A second proof is as follows. For the special case where $g=(1,2,\ldots,n)$, we can determine its centralizer in $S_n$ without using the orbit-stabilizer lemma. If $h^{-1}gh = g$, then $(h(1),h(2),\ldots,h(n)) = (1,2,\ldots,n)$. Now, $h(1)$ can be chosen in $n$ ways to be any of $1,2,\ldots,n$, but once $h(n)$ is chosen, the remaining elements $h(2),\ldots,h(n)$ are uniquely determined.

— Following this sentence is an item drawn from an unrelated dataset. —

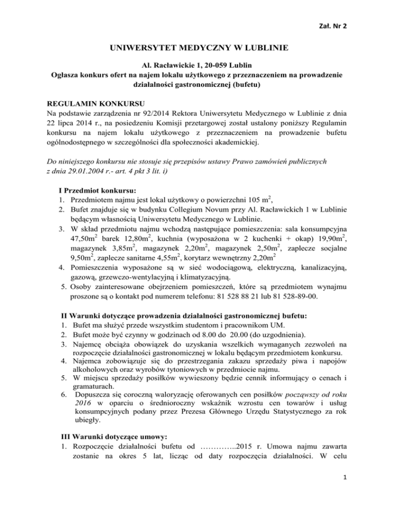 Zał. Nr 2 UNIWERSYTET MEDYCZNY W LUBLINIE Al. Racławickie 1, 20-059 Lublin Ogłasza konkurs ofert na najem lokalu użytkowego z przeznaczeniem na prowadzenie działalności gastronomicznej (bufetu) REGULAMIN KONKURSU Na podstawie zarządzenia nr 92/2014 Rektora Uniwersytetu Medycznego w Lublinie z dnia 22 lipca 2014 r., na posiedzeniu Komisji przetargowej został ustalony poniższy Regulamin konkursu na najem lokalu użytkowego z przeznaczeniem na prowadzenie bufetu ogólnodostępnego w szczególności dla społeczności akademickiej. Do niniejszego konkursu nie stosuje się przepisów ustawy Prawo zamówień publicznych z dnia 29.01.2004 r.- art. 4 pkt 3 lit. i) I Przedmiot konkursu: 1. Przedmiotem najmu jest lokal użytkowy o powierzchni 105 m2, 2. Bufet znajduje się w budynku Collegium Novum przy Al. Racławickich 1 w Lublinie będącym własnością Uniwersytetu Medycznego w Lublinie. 3. W skład przedmiotu najmu wchodzą następujące pomieszczenia: sala konsumpcyjna 47,50m2 barek 12,80m2, kuchnia (wyposażona w 2 kuchenki + okap) 19,90m2, magazynek 3,85m2, magazynek 2,20m2, magazynek 2,50m2, zaplecze socjalne 9,50m2, zaplecze sanitarne 4,55m2, korytarz wewnętrzny 2,20m2 4. Pomieszczenia wyposażone są w sieć wodociągową, elektryczną, kanalizacyjną, gazową, grzewczo-wentylacyjną i klimatyzacyjną. 5. Osoby zainteresowane obejrzeniem pomieszczeń, które są przedmiotem wynajmu proszone są o kontakt pod numerem telefonu: 81 528 88 21 lub 81 528-89-00. II Warunki dotyczące prowadzenia działalności gastronomicznej bufetu: 1. Bufet ma służyć przede wszystkim studentom i pracownikom UM. 2. Bufet może być czynny w godzinach od 8.00 do 20.00 (do uzgodnienia). 3. Najemcę obciąża obowiązek do uzyskania wszelkich wymaganych zezwoleń na rozpoczęcie działalności gastronomicznej w lokalu będącym przedmiotem konkursu. 4. Najemca zobowiązuje się do przestrzegania zakazu sprzedaży piwa i napojów alkoholowych oraz wyrobów tytoniowych w przedmiocie najmu. 5. W miejscu sprzedaży posiłków wywieszony będzie cennik informujący o cenach i gramaturach. 6. Dopuszcza się coroczną waloryzację oferowanych cen posiłków począwszy od roku 2016 w oparciu o średnioroczny wskaźnik wzrostu cen towarów i usług konsumpcyjnych podany przez Prezesa Głównego Urzędu Statystycznego za rok ubiegły. III Warunki dotyczące umowy: 1. Rozpoczęcie działalności bufetu od …………..2015 r. Umowa najmu zawarta zostanie na okres 5 lat, licząc od daty rozpoczęcia działalności. W celu 1 Zał. Nr 2 przygotowania lokalu do prowadzenia działalności Organizator dopuszcza możliwość wcześniejszego udostępnienia lokalu na 7 dni za protokolarnym przekazaniem. 2. Czynsz najmu będzie liczony w ten sposób, że stawka netto, wyłoniona w drodze konkursu będzie nie mniejsza niż 15,20 zł (słownie: piętnaście zł 20/100), pomnożona przez ilość m2 powierzchni i powiększona o należny podatek VAT. 3. Niezależnie od czynszu, o którym mowa w pkt. 2, Najemcę obciążają wszystkie inne opłaty związane z eksploatacją przedmiotu najmu zgodnie z wystawioną na rzecz Najemcy fakturą (w ramach tzw. refakturowania), w szczególności: - z tytułu zużytej energii elektrycznej w/g wskazań licznika, - wody i ścieków wg wskazań wodomierza, - gazu wg wskazań gazomierza, według stawek określonych przez dostawcę mediów Organizatora, oraz opłaty z tytułu konserwacji urządzeń wentylacyjnych i klimatyzacyjnych. 4. Stawka czynszu ulega corocznej waloryzacji o średnioroczny wskaźnik wzrostu cen towarów i usług konsumpcyjnych za rok ubiegły podany przez Prezesa Głównego Urzędu Statystycznego, począwszy od 2016 r. 5. Najemca będzie ponosił ewentualne koszty dezynsekcji i deratyzacji. 6. Najemca będzie zobowiązany do zawarcia odrębnej umowy wywozu nieczystości, której kopię należy przedłożyć Wynajmującemu do 7 dni od dnia podpisania umowy. 7. Wszelkie koszty związane z używaniem lokalu będzie ponosił Najemca. 8. Wynajmujący zobowiązuje się do zawarcia umowy ubezpieczenia odpowiedzialności cywilnej deliktowej i kontraktowej z tytułu prowadzonej działalności gospodarczej przez cały okres trwania niniejszej umowy. Umowa ubezpieczenia powinna obejmować tylko i wyłącznie działalność będącą przedmiotem niniejszej umowy i nie może obejmować pozostałej działalności prowadzonej w ramach innych umów zawartych przez Najemcę.. 9. Zakres ubezpieczenia powinien zawierać: a) odpowiedzialność cywilną Najemcy za szkody w nieruchomościach i mieniu ruchomym w związku z wynajmem pomieszczeń bufetu na sumę ubezpieczenia w wysokości co najmniej 100 000,00 zł na jedno i wszystkie zdarzenia. Dopuszcza się franszyzę redukcyjną w wysokości 500,00 zł dla szkód rzeczowych, b) odpowiedzialność cywilną deliktową i kontraktową za szkody rzeczowe i osobowe wyrządzone osobom trzecim w tym pracownikom i studentom Wynajmującego wyrządzone w związku z prowadzoną działalnością gastronomiczną na sumę ubezpieczenia w wysokości co najmniej 100 000,00 zł na jedno i wszystkie zdarzenia. Dopuszcza się franszyzę redukcyjną w wysokości 200,00 zł dla szkód rzeczowych, dla szkód osobowych franszyza redukcyjna zniesiona 10. Polisy o których mowa w pkt. 9 winny mieć cesję na rzecz Uniwersytetu Medycznego w Lublinie. Szczegółowe warunki ubezpieczenia zostały określone w Załączniku Nr 5 (wzór umowy). IV Warunki udziału w konkursie: W konkursie mogą uczestniczyć oferenci, którzy: 1. Prawidłowo złożą ofertę wraz z załącznikami wymienionymi w p. V Regulaminu Konkursu. 2. Są podmiotami prowadzącymi działalność gastronomiczną co najmniej od 3 lat. 2 Zał. Nr 2 3. Dołączą do oferty co najmniej 2 referencje z okresu ostatnich 2 lat prowadzonej działalności gastronomicznej w zakresie zbiorowego żywienia. 4. Wpłacą wadium w wysokości 3000,00 zł (słownie: trzy tysiące złotych) na konto Uniwersytetu w Ban

In fact, if $h(1)=i$, then $h(2)=i+1$, and so on, and so $h$ is just a power of $g$. Thus, there are exactly $n$ different elements $h$ such that $h^{-1}gh=g$.

Solution 3:

Note that $|\sigma| = n$ so that $\sigma^n = 1$. So $$ \langle \sigma \rangle = \{1, \sigma, \sigma^2, \ldots, \sigma^{n-1}\} $$ forms a cyclic commutative subgroup of $S_n$ with order $|\langle \sigma \rangle| = n$. For any permutation $x$ of a symmetric group $S_n$ we have the very convenient formula: $$ |C(x)| = 1^{\alpha_1}2^{\alpha_2}\cdots n^{\alpha_n}\alpha_1!\alpha_2!\ldots\alpha_n!, $$ where $\alpha_i$ is the number of cycles in $x$ of length $i$. For your permutation $\alpha_1 = \alpha_2 = \cdots \alpha_{n-1} = 0$ and $\alpha_n = n$ so $|C(\sigma)| = n$. We have $|C(\sigma)| = |\langle \sigma \rangle| = n$, implying $C(\sigma) = \langle \sigma \rangle$.